Suppose that the true distribution of \(X_1, \cdots, X_n\) is a normal distribution with mean \(m_0 + \epsilon\) and variance \(\sigma _0 ^2\), where \(\epsilon\) is an arbitrary fixed positive number. Then \[\begin{eqnarray*} Z^{\text{test}} &=&\frac{\overline{X_{n}} -(m_0+\epsilon -\epsilon) }{\sqrt{\sigma _0 ^2/n}}\\ &=& Z^{\text{Truth}} + \frac{\epsilon}{\sqrt{\sigma _0 ^2/n}}\\ \end{eqnarray*}\] where \(Z^{\text{Truth} }:=(\overline{X_{n}} -(m_0+\epsilon ))/\sqrt{\sigma _0 ^2/n}\).

In the following, we calculate the probability with which we reject the null hypothesis \(H_0\) with confidence level \(\alpha\). \[\begin{eqnarray*} \text{Prob}(Z^{\text{test}} >z_{2\alpha} ) &=&\text{Prob} (Z^{\text{Truth} } + \frac{\epsilon}{\sqrt{\sigma _0 ^2/n}} >z_{2\alpha})\\ &=&\text{Prob} (Z^{\text{Truth} } >z_{2\alpha} - \frac{\epsilon}{\sqrt{\sigma _0 ^2/n}})\\ &=&\text{Prob} (Z^{\text{Truth} } >z_{2\alpha} - \frac{\epsilon}{\sigma _0 }\sqrt{n} )\\ \end{eqnarray*}\] Note that \(\epsilon /\sigma _0\) is called the effect size.

Thus, if \(z_{2\alpha} - \epsilon \sqrt{n} /\sigma _0 < z_{2(1-\beta)}\), i.e., if \(n > ( z_{2\alpha}- z_{2(1-\beta)})^2 \sigma _0 ^2 \epsilon ^{-2}\), then the probability that the null hypothesis is rejected is greater than \(1 - \beta\).

For example, consider the case \(\sigma _0 =1\), \(\alpha =0.05\), and \((1-\beta) =\alpha\), then \(z_{2\alpha}=1.28\) and in this case, for all \(\epsilon>0\), if \(n > 7 \epsilon ^{-2}\) then the probability in which above hypothesis test concludes that the difference of the observed mean from the hypothesized mean is significant is greater than \(0.95\).

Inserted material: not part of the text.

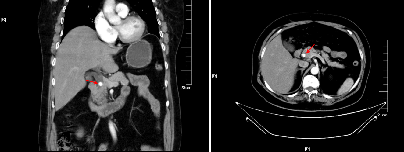 近日, 肝胆胰外科成功为胆总管结石患者实施无需开刀,微创的“口中取石术”——内镜逆行胰胆管造影+十二指肠乳头括约肌切开(ERCP+EST)取石术。 病例回顾 患者为62岁女性,因“发现右乳肿块2月余”收治于我院乳腺外科,入院后查CT提示:右乳腺癌;胆总管结石;胆囊结石。患者右乳腺癌合并胆道结石问题,经乳腺外科医师专科手术处理后,转肝胆胰外科进一步处理胆道结石。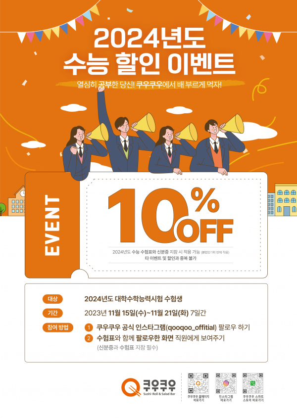 - 쿠우쿠우 공식 인스타그램 (qooqoo_official)팔로우 한 후 수험표와 함께 팔로우 한 화면 직원에게 보여주기

This means that almost always the p-value is less than 0.05. Thus a large sample size induces a small p-value.

For example,

if \(\epsilon =1\) then by taking a sample size such that \(n > 7\), then almost always the conclusion of the test will be that the observed difference is statistically significant. Similarly,

if \(\epsilon =0.1\) then by taking a sample size such that \(n > 700\), then almost all tests will reach the conclusion that the difference is significant; and

if \(\epsilon =0.01\) then by taking sample size so that \(n > 70000\), then the same problem will arise.

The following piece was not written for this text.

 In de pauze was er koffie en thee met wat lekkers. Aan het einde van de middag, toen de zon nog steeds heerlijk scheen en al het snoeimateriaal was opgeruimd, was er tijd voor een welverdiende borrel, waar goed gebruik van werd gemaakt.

This phenomenon also means that in large samples statistical tests will detect very small differences between populations.

By above consideration we can get the result ``significance difference’’ with respect to any tiny difference \(\epsilon\) by collecting a large enough sample \(n\), and thus we must not use the statistical test.